## RECORDS PROVIDED
=======
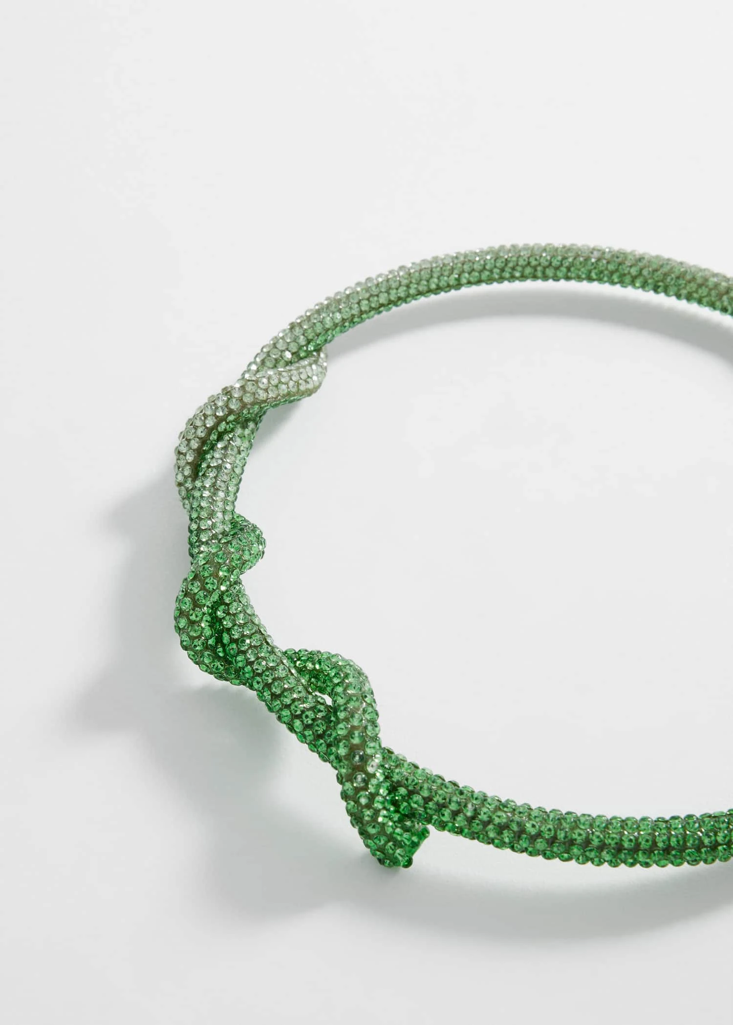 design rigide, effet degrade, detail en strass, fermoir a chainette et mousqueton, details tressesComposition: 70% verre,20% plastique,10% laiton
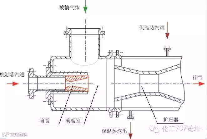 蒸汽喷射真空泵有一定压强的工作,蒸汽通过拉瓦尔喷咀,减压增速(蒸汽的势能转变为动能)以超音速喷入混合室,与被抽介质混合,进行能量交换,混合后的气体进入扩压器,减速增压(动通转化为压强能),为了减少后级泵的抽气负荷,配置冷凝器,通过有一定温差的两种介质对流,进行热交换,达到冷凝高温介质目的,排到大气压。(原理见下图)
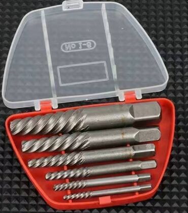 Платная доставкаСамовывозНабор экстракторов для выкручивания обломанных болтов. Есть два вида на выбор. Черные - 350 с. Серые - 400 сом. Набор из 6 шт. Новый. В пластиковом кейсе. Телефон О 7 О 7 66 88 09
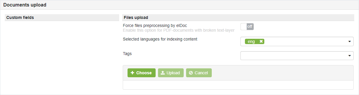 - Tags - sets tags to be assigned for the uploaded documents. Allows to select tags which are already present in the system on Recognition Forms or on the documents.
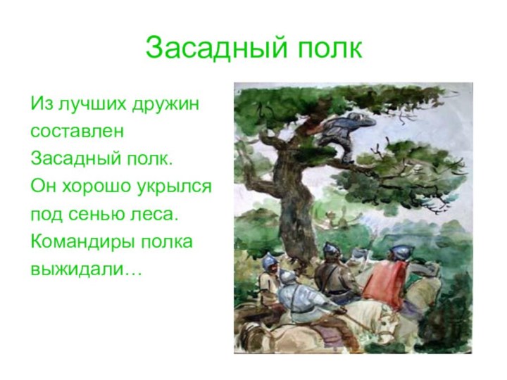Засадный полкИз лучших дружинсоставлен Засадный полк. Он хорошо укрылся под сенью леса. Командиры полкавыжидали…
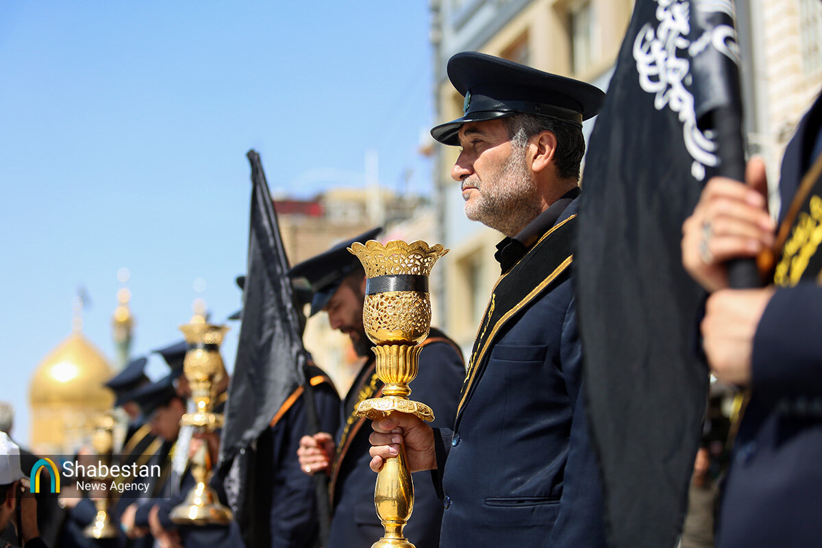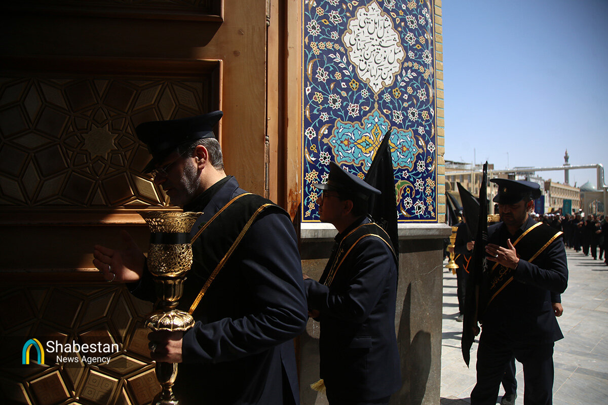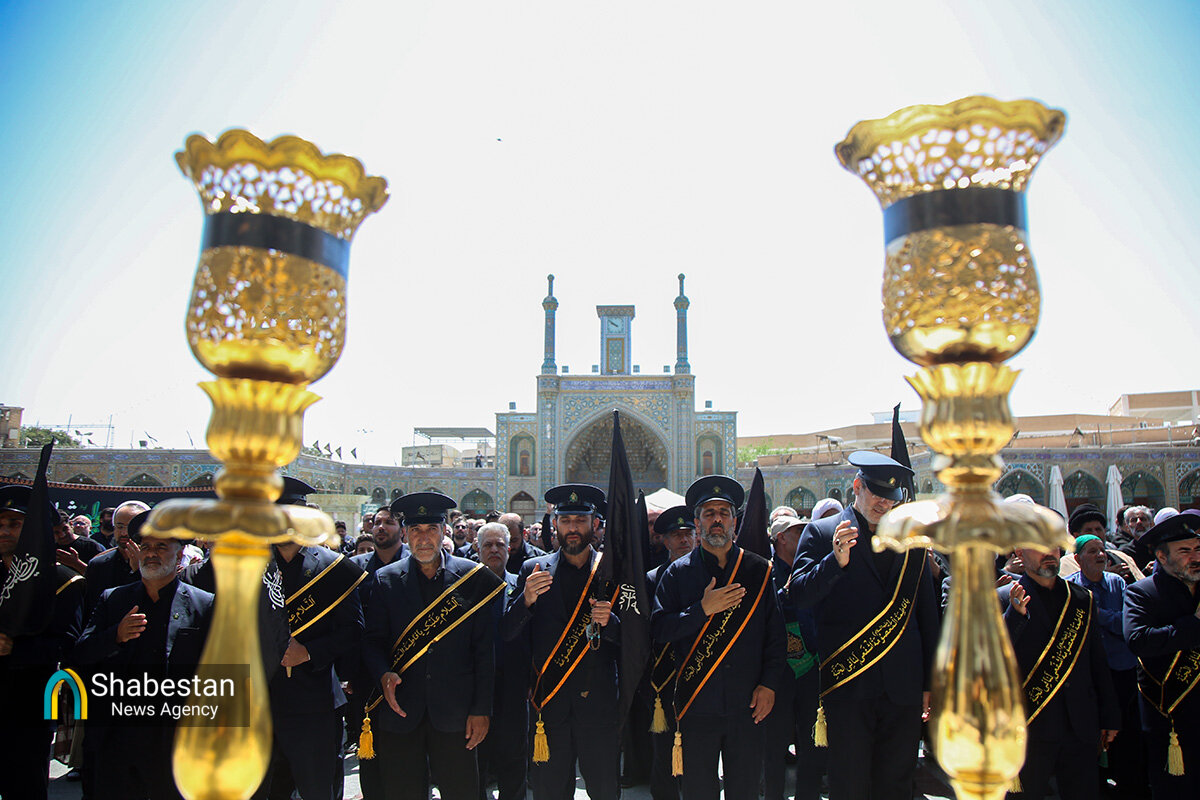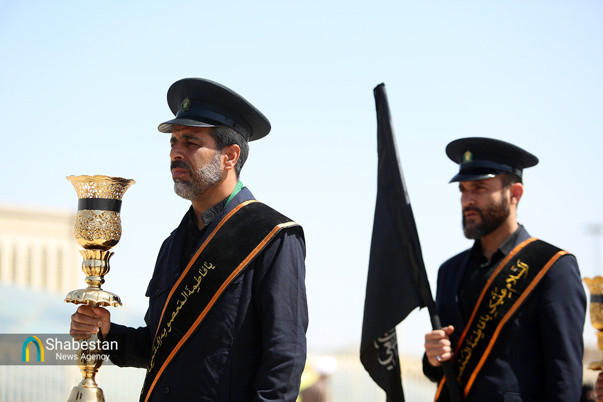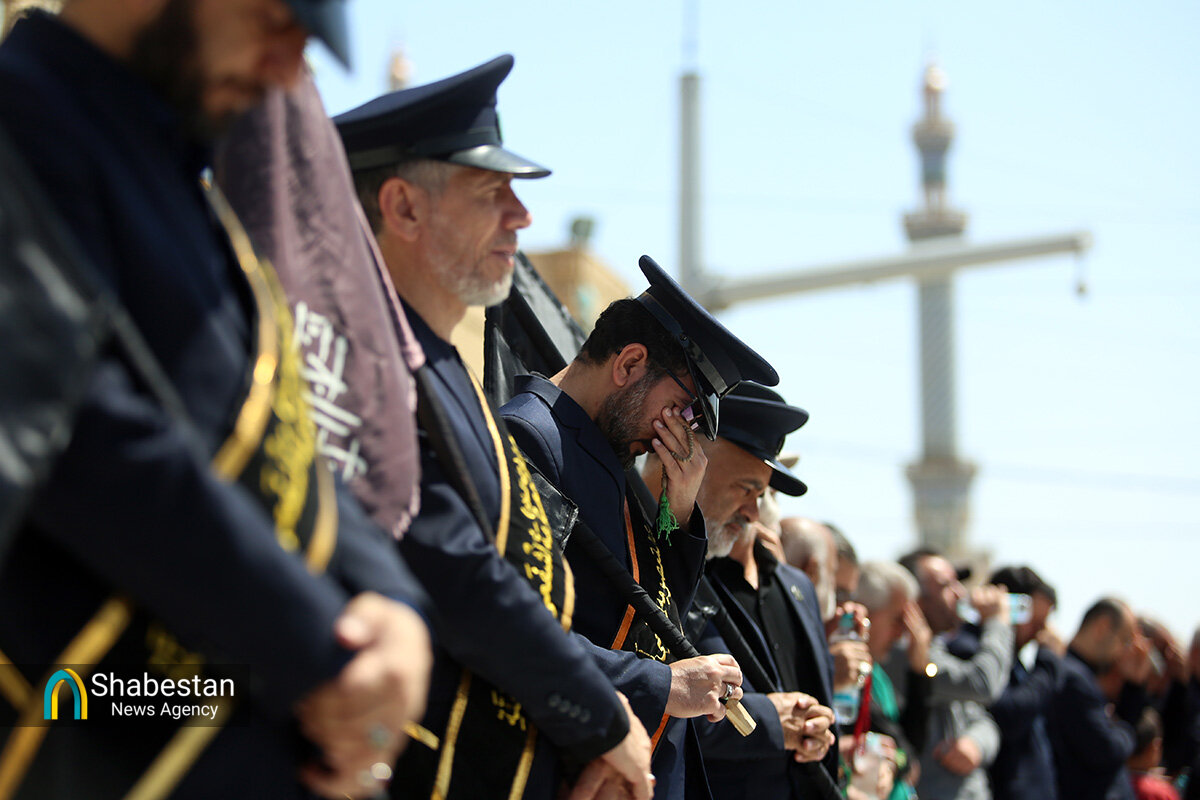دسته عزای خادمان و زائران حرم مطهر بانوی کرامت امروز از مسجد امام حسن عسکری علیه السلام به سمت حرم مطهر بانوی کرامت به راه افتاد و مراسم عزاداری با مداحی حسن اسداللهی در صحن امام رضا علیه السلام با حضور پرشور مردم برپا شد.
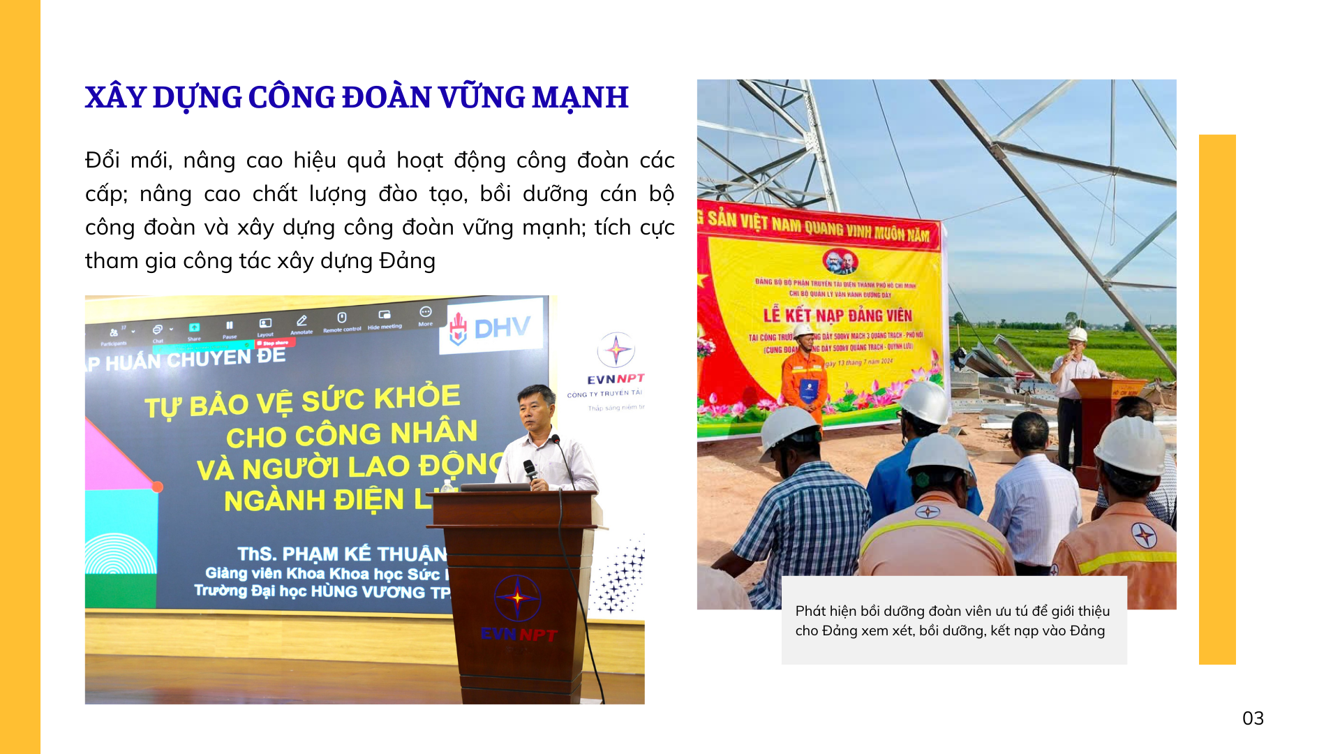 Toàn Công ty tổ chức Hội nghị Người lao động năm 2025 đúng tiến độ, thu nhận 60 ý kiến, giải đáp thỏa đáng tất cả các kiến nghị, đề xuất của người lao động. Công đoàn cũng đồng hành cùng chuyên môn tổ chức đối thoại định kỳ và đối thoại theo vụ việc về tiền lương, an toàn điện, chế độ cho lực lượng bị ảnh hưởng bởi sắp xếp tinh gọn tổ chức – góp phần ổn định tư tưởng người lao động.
=======
## TASK DIRECTIONS
The line containing "- Tags - sets" marks where the copy ends; print every line before it from the start of the records, and that line too, but no pictures.

## WORKED SOLUTION
 design rigide, effet degrade, detail en strass, fermoir a chainette et mousqueton, details tressesComposition: 70% verre,20% plastique,10% laiton
 蒸汽喷射真空泵有一定压强的工作,蒸汽通过拉瓦尔喷咀,减压增速(蒸汽的势能转变为动能)以超音速喷入混合室,与被抽介质混合,进行能量交换,混合后的气体进入扩压器,减速增压(动通转化为压强能),为了减少后级泵的抽气负荷,配置冷凝器,通过有一定温差的两种介质对流,进行热交换,达到冷凝高温介质目的,排到大气压。(原理见下图)
 Платная доставкаСамовывозНабор экстракторов для выкручивания обломанных болтов. Есть два вида на выбор. Черные - 350 с. Серые - 400 сом. Набор из 6 шт. Новый. В пластиковом кейсе. Телефон О 7 О 7 66 88 09
 - Tags - sets tags to be assigned for the uploaded documents. Allows to select tags which are already present in the system on Recognition Forms or on the documents.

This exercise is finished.